++++ Source records

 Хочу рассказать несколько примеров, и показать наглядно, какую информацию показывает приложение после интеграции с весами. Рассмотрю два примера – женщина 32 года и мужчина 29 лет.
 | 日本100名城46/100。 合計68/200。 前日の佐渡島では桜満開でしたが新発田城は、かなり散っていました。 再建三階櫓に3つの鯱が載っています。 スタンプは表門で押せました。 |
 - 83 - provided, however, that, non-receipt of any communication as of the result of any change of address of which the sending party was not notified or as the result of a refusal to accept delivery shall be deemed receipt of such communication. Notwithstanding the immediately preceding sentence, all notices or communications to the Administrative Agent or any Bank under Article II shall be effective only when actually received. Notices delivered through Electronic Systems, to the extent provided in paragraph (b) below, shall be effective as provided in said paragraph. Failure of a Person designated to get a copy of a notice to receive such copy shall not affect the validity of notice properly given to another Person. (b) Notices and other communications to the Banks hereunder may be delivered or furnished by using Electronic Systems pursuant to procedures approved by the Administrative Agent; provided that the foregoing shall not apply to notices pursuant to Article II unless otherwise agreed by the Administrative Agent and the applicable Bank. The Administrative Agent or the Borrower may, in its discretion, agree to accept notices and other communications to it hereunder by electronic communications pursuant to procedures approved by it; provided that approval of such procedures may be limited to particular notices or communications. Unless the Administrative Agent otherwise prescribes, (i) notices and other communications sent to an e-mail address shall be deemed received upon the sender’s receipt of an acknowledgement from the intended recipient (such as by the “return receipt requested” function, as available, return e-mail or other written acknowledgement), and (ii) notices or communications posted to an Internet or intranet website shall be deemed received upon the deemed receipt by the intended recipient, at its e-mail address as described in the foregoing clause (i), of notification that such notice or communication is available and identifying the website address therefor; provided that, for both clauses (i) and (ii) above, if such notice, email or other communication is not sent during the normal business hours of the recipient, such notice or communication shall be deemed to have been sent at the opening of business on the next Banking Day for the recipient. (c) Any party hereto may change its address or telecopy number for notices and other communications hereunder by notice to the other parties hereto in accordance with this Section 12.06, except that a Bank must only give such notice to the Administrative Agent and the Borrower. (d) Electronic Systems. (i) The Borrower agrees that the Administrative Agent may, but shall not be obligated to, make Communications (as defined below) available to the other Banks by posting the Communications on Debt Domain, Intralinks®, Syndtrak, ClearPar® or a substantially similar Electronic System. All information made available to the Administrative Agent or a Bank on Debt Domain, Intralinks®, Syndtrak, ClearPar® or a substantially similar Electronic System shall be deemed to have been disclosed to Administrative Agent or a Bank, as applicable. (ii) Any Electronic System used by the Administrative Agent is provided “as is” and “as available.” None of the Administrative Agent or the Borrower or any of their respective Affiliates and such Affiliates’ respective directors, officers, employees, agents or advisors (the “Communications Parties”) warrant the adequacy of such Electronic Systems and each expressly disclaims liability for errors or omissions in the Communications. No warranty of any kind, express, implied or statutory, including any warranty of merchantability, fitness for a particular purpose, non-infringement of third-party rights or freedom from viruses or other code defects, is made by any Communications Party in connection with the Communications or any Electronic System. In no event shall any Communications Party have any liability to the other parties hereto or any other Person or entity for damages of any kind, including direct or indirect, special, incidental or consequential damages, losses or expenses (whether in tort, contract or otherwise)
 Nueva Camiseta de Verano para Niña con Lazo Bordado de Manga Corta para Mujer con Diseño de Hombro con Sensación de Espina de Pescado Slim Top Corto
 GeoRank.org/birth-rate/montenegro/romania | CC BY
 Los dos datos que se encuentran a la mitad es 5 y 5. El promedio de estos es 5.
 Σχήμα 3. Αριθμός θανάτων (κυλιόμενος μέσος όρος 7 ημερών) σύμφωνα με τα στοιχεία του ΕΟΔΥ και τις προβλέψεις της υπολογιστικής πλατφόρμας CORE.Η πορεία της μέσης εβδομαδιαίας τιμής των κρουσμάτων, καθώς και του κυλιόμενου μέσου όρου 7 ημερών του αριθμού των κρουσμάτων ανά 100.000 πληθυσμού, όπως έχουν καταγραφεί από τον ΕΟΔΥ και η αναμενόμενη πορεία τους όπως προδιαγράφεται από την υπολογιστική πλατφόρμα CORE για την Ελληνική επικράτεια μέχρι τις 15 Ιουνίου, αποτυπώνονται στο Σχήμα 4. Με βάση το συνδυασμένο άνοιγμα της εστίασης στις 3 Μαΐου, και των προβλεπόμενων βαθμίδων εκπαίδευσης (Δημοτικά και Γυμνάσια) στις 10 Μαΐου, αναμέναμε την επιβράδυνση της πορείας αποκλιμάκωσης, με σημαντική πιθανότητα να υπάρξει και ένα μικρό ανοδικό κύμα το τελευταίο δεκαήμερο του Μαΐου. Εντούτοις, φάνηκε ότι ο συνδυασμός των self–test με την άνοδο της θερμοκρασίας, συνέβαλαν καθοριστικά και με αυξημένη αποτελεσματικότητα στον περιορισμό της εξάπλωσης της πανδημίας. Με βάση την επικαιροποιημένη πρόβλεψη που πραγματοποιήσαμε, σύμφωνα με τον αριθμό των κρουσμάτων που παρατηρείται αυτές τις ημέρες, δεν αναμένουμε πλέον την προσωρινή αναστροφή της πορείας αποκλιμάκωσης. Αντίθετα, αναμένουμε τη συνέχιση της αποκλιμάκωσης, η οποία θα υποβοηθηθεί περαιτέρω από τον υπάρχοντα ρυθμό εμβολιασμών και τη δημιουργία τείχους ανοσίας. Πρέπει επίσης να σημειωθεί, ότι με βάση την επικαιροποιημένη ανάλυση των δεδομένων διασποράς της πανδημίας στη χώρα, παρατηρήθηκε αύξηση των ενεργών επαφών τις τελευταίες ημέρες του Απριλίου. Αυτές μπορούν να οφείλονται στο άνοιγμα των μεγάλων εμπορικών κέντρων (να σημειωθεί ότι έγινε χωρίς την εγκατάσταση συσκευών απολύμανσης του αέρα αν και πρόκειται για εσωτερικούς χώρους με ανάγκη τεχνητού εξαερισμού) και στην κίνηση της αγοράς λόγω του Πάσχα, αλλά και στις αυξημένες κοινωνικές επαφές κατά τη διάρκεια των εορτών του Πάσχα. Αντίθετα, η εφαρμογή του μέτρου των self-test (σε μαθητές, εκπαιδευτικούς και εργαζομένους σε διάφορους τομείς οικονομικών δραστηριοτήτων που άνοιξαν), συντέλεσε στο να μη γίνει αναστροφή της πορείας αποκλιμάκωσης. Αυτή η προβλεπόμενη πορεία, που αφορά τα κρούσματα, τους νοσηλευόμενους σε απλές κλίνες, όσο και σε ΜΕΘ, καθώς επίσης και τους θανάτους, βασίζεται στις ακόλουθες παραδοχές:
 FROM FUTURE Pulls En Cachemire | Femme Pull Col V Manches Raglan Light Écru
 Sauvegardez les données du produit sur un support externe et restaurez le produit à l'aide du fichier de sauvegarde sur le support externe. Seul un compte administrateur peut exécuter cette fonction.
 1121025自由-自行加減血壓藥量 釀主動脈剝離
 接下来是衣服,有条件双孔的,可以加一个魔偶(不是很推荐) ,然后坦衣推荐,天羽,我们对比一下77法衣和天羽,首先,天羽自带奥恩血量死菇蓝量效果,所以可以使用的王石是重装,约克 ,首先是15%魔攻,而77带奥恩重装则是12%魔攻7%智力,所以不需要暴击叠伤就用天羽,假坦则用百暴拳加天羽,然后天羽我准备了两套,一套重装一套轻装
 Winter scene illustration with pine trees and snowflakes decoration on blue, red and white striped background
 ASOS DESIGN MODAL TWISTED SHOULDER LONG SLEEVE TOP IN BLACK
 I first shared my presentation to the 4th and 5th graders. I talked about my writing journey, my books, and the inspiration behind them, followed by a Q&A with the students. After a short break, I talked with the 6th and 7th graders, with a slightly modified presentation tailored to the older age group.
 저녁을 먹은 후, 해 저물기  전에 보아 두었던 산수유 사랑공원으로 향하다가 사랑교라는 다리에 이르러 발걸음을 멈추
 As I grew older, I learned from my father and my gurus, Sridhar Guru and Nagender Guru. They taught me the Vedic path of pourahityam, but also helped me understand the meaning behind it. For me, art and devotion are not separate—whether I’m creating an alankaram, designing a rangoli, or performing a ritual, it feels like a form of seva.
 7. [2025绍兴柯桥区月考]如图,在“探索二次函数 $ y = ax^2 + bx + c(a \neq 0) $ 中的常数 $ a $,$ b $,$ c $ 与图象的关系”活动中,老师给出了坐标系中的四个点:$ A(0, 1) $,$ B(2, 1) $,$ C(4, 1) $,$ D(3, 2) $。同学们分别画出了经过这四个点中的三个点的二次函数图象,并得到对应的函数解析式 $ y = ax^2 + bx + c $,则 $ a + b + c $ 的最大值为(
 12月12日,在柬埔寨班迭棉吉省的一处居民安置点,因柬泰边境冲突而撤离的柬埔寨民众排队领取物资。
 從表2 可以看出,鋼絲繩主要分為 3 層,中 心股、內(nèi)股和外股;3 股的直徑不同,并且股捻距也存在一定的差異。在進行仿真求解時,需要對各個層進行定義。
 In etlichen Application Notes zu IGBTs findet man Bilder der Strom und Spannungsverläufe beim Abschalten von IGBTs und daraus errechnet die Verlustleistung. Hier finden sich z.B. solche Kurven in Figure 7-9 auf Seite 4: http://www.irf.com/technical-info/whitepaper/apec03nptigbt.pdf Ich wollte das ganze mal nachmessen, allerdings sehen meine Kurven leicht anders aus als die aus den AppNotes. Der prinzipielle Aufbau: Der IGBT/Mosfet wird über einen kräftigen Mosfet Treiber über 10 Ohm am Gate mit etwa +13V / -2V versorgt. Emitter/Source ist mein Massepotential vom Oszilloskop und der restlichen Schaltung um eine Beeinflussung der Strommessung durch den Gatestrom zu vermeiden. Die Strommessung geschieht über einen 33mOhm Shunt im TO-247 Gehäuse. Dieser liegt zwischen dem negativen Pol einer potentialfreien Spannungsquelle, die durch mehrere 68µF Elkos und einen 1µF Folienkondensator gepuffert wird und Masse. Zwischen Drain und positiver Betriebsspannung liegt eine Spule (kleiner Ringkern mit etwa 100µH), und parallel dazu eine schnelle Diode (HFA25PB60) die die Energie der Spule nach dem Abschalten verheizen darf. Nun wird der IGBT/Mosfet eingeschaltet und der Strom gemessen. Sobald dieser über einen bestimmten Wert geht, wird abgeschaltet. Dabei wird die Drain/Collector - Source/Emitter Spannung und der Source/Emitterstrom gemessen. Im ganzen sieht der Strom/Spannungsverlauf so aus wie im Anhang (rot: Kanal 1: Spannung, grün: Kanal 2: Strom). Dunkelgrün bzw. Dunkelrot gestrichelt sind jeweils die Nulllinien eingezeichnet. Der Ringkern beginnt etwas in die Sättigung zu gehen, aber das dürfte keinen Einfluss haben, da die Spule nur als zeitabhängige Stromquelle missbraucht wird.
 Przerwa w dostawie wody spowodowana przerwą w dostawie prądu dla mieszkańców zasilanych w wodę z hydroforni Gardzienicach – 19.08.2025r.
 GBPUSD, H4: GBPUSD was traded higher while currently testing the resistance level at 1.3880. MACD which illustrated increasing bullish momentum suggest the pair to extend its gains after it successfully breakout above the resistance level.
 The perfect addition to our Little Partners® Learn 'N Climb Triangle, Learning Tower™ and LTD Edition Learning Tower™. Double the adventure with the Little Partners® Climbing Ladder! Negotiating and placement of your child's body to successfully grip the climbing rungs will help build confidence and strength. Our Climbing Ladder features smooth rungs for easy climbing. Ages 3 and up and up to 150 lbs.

++++++++

What you need to do: Stop at the line containing "再建三階櫓に3つの鯱が載っています。 スタンプは表門で押せました。 |". Please print exactly every line before it from the start of the records, plus that line itself, and nothing else.

Written reply:
 Хочу рассказать несколько примеров, и показать наглядно, какую информацию показывает приложение после интеграции с весами. Рассмотрю два примера – женщина 32 года и мужчина 29 лет.
 | 日本100名城46/100。 合計68/200。 前日の佐渡島では桜満開でしたが新発田城は、かなり散っていました。 再建三階櫓に3つの鯱が載っています。 スタンプは表門で押せました。 |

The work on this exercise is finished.